Cass peered down at the village in the not too distant distance. “I see the Rodents, little kids, and child Huzzards, playing in puddles.”
“That’s right, and who else is down there?”
“Is – is that a human?” Cass asked as her eyes were caught by the small, black armour clad child that played along side the Huzzards and Rodents.
“Not quite. You remember the cyborgs? All 500 of them are now proud residents of this ship, this home. And look, they have only been here, what, 8 hours? And already their children are playing with those of other races and they have already began to regain the humanity that they lost.”
“That’s amazing..”
“But what isn’t amazing is what you did back on that planet. What you did is something you had no right to do.”

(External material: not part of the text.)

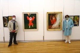 桑原代表は、教室での画題を毎月1枚ずつ12枚を1年分出展し、油彩で丁寧に描かれている。古平祭りの猿田彦火渡りの様子も描き、「冬は休みとしたが、大きな作品も出展し枚数も多く頑張った会員の力作を、ぜひ、この機会に会場でご覧いただきたい」と、来場を呼び掛けた。

Cass’s expression of wonder at the village quickly warped into that of anger.
“Wha-?”
“No,” interrupted Plisken, “Don’t speak. Did you know those people? People, not monsters. Did you know that most of them had no choice in what they did? Did you know that they had children, Cass? Children like the Rodents, the Huzzards, the Cyborgs, like Max. Did you know they had a plan to take power of the planet from their leaders and abandon their projects? Those soldiers that killed Joshua, do you know what they were? They were soldiers, Cass. Do you know what they were doing? Their job. They didn’t deserve to die like that, Cass. I watched as you drove them mad. I watched as their tortured minds began to collapse under the strain of the horror they were subjected to. I watched as you -” Plisken broke off, tossing the umbrella towards his unfinished house, the handles catching on the door knob. He paced around, the rain cascading down onto his hat and dripping at the brim. He sighed and gathered himself.
“Listen, Cass,” Plisken said, entering his work shed and opening a footlocker, “I don’t expect to forgive you for what you did. Those Monee Frogks, the ones that were innocent, could have lived on the Dwarf. They didn’t deserve to die like that.”
Plisken fished around in the footlocker for something and quickly found it. “Here,” he said, handing Cass a holster, “I need you to take this.”
Cass stared at the object held out for her taking, the rain running down its leather skin. Cass slowly wrapped her fingers around it and took it from Plisken. She inspected what was contained inside the holster and to her shock, it was something that she could not possibly take.
“Plisken, this is your gun,” she said in disbelief, drawing out the LeMat revolver and watching the rain trickle down its gleaming metal surface.
“I need you to find me. I don’t like to ask that you put the crew in danger but this is more important than anything we have done while rolling about in deep space.”
“I don’t understand…”
“I’m not real, Cass,” Plisken explained, “And I haven’t been for a very long time. I’m nothing more than plastic. Plastic with a connection to my mind that is far away from where I am. I woke up in Old Vegas as a plastic doll that has fooled everyone.”
“You aren’t real?”
“Yes, and I need you to find the real me. I’m stuck some where, I don’t know where. But I need you to find me.”
“How?”
“You’ll find a way,” said Plisken. But as he finished speaking, his hand raced to clutch his chest, a strained look across his face. “Hell, it has started sooner than I thought. Must have started too soon. I’m shutting this body down, that way I’ll wake up as the real me where I am. Tell everyone that I’m… that I’m sorry.”
Plisken collapsed into a pool of white liquid, his skin and bones melting and dropping from his body. His clothes piled around the molten plastic and his metal arm clattered to the ground. He hat gently floated in the wind, threatening to be carried away in the breeze that had kicked up, the simulated weather starting again.
Cass was left alone on top of the small hill, her hands wrapped around Plisken’s pistol and the rain soaking her hair.